Archive for the ‘Toshiro Natahara’ Tag

Main and Powell Streets – north east corner

We didn’t know who built the buildings on the corner of Main and Powell, seen in this 1941 Vancouver Public Library image until Heritage Vancouver’s Patrick Gunn pulled out a piece in the Daily World from 1905. Samuel Champion of Champion and White acquired the lots from J W Horne for $3,000 and built the stores with rooms above at a cost of $3,500. Samuel K Champion was a builder and developer in partnership as a building materials supplier as Champion & White. A few years earlier he had built a property on East Pender. He was from England, and migrated in his twenties to Ontario. His obituary, in 1930, says he arrived in Vancouver the day after the fire, and went on to own a building supply company with William White. He obtained sand and gravel from Spanish Banks, although with no powered tugs to haul the loads, the first scow ended up at the bottom of False Creek. Census records suggest Mr. Champion was a bachelor for most of his life, but Samuel Kenrick Champion married Olivia Kohler, (a widow, born in Quebec), in 1925. On his marriage certificate Mr. Champion claimed to be 58 years old, which would put his birthdate around 1867. In earlier census records he was shown born in 1861, and his birth certificate shows that he was born in Clifton, in Gloucestershire, in 1855, so he was actually 70 when he married. Sadly, his marriage didn’t last long, as his 1930 death certificate shows he was already a widower.
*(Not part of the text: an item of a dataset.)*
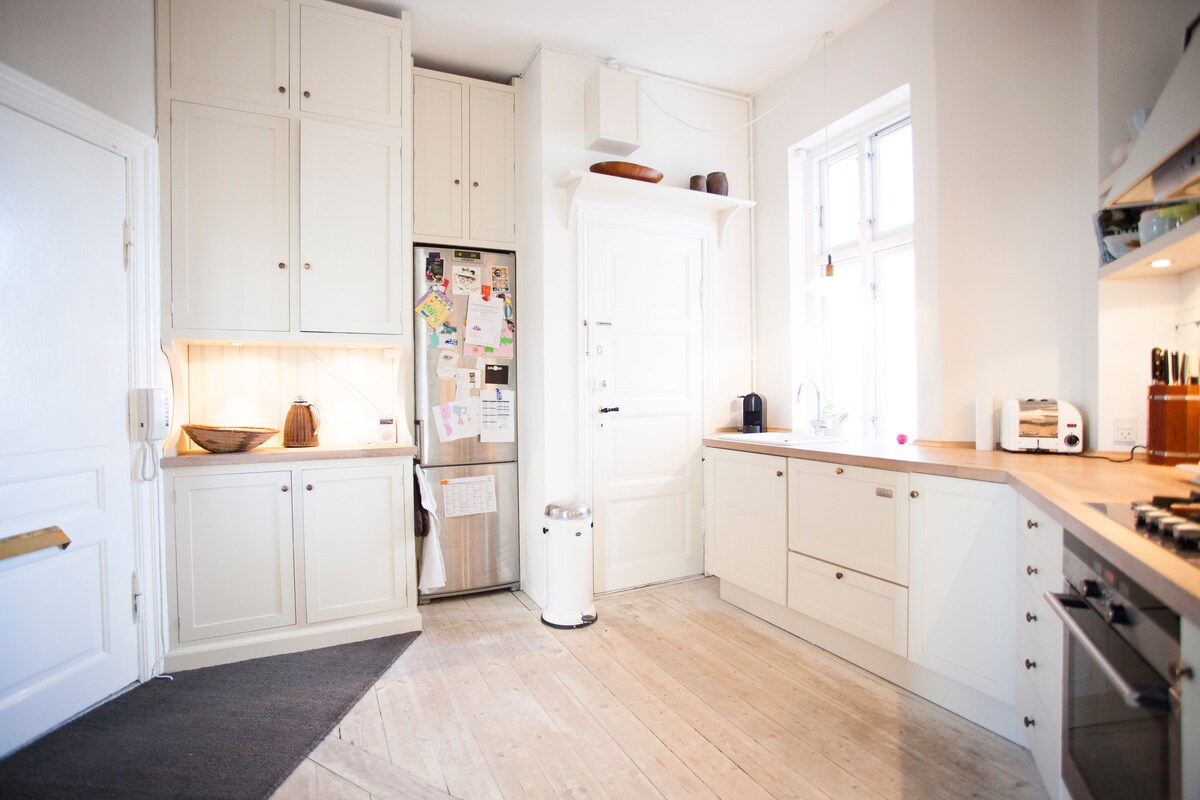 Íbúðin er í gömlu húsi með háu þaki, miklu og miklu ljósi og svölum sem snúa beint til suðurs svo að þú getur notið sólarupprásarinnar og sólsetursins með útsýni yfir hafið og litlu höfnina. Eldhús og borðstofa eru tvö herbergi tengd með tvöfaldri hurð. Svefnherbergið er bjart og hreint með mjög þægilegu king size rúmi. Stofurnar tvær eru alltaf góðar og hreinar með viðareldavél. Eldhúsið er euqipped að fullu með ísskáp, frystir, diskur þvottavél, brauðrist, blöndunartæki, juicer, sápur osfrv. Íbúðin er á þriðju hæð og mjög róleg og björt. Ég held honum alltaf hreinum og fínum. Íbúðin hentar ágætlega fyrir par, vini eða viðskiptaferðamenn sem vilja vakna upp við eitthvað einstakt og bjart. Svæðið Þetta er eitt vinsælasta og mest aðlaðandi svæðið í borginni núna með mörgum verslunum og að sjálfsögðu þekktum kaffihúsum og bakaríum Emmerys og Lagkagehusets á horninu, flottum hönnunarverslunum og góðum veitingastöðum. Fjarlægðir frá Aiport: 30 mín. með bíl. 30 mín. með Strætó og Metro. Þú þarft að taka lestina á Hellerup stöðina og svo 10 mín göngutúr eða taka leigubíl frá stöðinni. Hafið og fínn lítill strönd er við hliðina á húsinu og höfn með tennisvelli og rósagarði. Stórverslun: 100m Cafe: 100 m. Miðborg: 8 km. Verkfæri / sælgæti Stórt king size rúm Ókeypis mjög hratt þráðlaust net Lak og hulstur fyrir rúmið 40" flatskjássjónvarp með eplasjónvarpi, tengdum alþjóðlegum fréttarásum og Netflix aðgangi í boði. Ókeypis bílastæði við götuna. Góð hljóðkerfi sem styðjast við Apple Airport svo þú getir spilað þráðlaust í gegnum Itunes, Ipod, Iphone eða bara með því að tengja við jack plugginn. Eldhús er euqipped að fullu með ísskáp, frystir, diskur, þvottavél, brauðrist, blöndunartæki, juicer, sápur osfrv. Góð, mjúk og hlý rúmföt og koddar. Þvottavél í kjallara. Handklæði og salernispappír. Góður gestgjafi. Láttu mig vita ef þú þarft eitthvað og ég mun gera mitt besta til að leiðbeina þér eða aðstoða þig.

The garage to the east (on the same legal lots) was developed in 1922 by T. Natahara, built by J B Arthur at a cost of $7,000. Although the 1921 census didn’t seem to find him (or mis-spelled his name) Toshiro Natahara was in Vancouver, living on Alexander Street with his wife Kikie. In 1919 their recently born daughter died soon after her birth. One reason he seems to have produced few records is that more directory entries spell his name as Natsuhara, although the census didn’t spot him with that spelling either.

Between at least 1918 and 1920 T. Natsuhara had a general store a block to the east of here, and K. Natsuhara worked as a clerk. Klyojiro Natsuhara first appears in the 1917 directory; working as a millman. T. Natsuhara is first here in 1918, when he acquired a Maxwell automobile, and in 1923 he was shown managing the Safety Garage, (although just in that year he also managed to have another entry as T. Natahara.)

The corner building was repaired in 1912, when S Ogasa was listed as the owner – although the street directory and the census says he was S Okada, and he was a general merchant, born in Japan and living at the same address with his wife and two sons. There was no building here in 1903, although there were three houses where the garage was later developed.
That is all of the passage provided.